Gross debt excludes non-financial debt such as trade creditors and provisions for such items as deferred income tax. Equity is the book value of shareholders' equity (share capital, reserves, retained profits) less intangible assets, priority interests and preference capital, on which firms are obliged to pay dividends.

With the exception of convertible securities such as notes and debentures, which are included in equity, debt represents the firm's interest bearing liabilities and equity represents the firm's non-interest bearing liabilities.

The sample includes some firms that came into public existence during the period in question and completely excludes those which went out of public existence during the period. Hence it would be misleading to graph the levels of debt and equity separately – to do so would overstate the rise in the respective levels. The rise in the ratio of the two will be understated if those firms which ceased to exist during the 1980s were typically highly leveraged. But this is likely to be of second order importance.

A comparison of the 1989 sample with the 1988 sample illustrates this point. Apart from the observation for 1987/88, the two series are very similar. Most of the difference between the two observations for 1987/88 (0.95, down from 1.06) is due to the subsequent dropping out of highly geared companies.

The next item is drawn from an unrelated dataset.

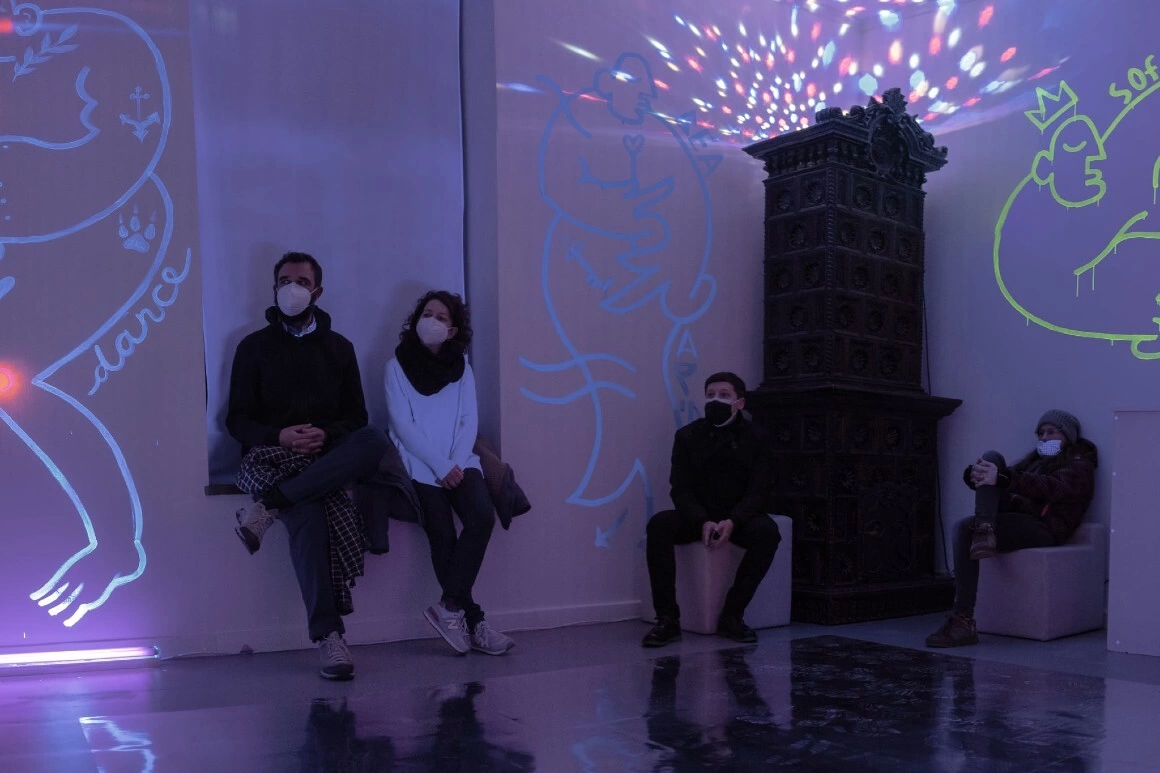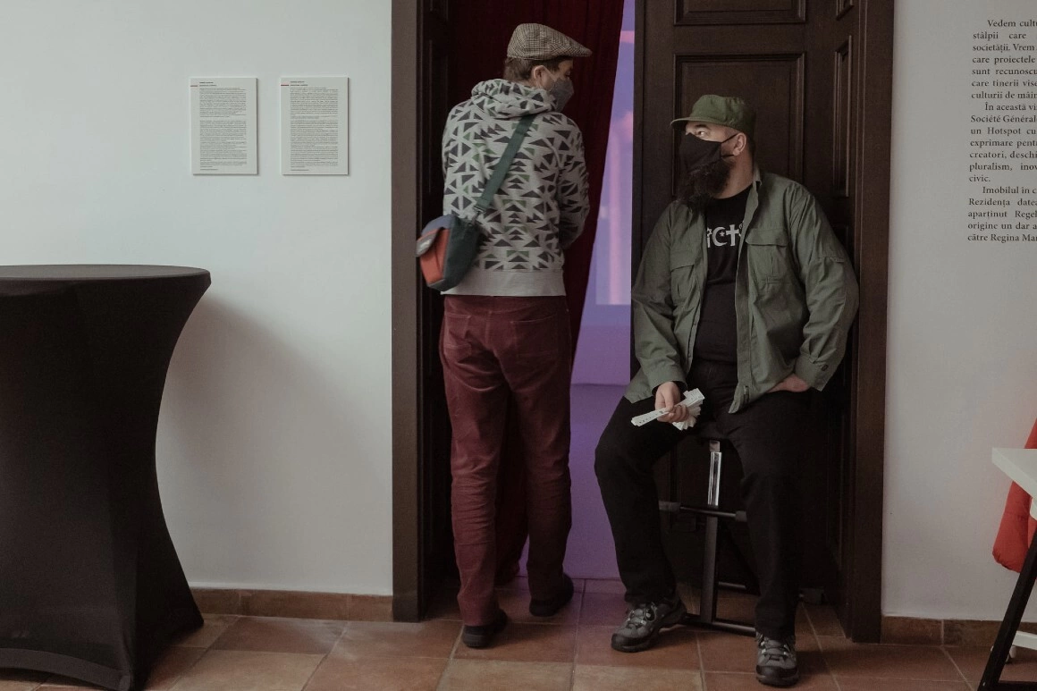 Cristiana Chivu aka Lună a făcut o treabă excelentă cu desenele murale, Suzana Dan a aranjat podeaua reflectorizantă, Irina Trocan și Marian Codrea au încins atmosfera cu luminile pe sobă, Tiberius bouncer-ul de vernisaj intra după oameni să le pună brățara AICI.ACUM la mână și tot așa...

While the amount of intra-corporate sector lending may have risen markedly over the period, there are no compelling reasons to believe the amount of corporate lending to those outside the corporate sector grew disproportionately. Hence movements in aggregate gross debt should be fairly representative of movements in aggregate net debt.

Banks have extremely high debt to equity ratios as deposits are regarded as debt. Consequently they were deleted from the sample.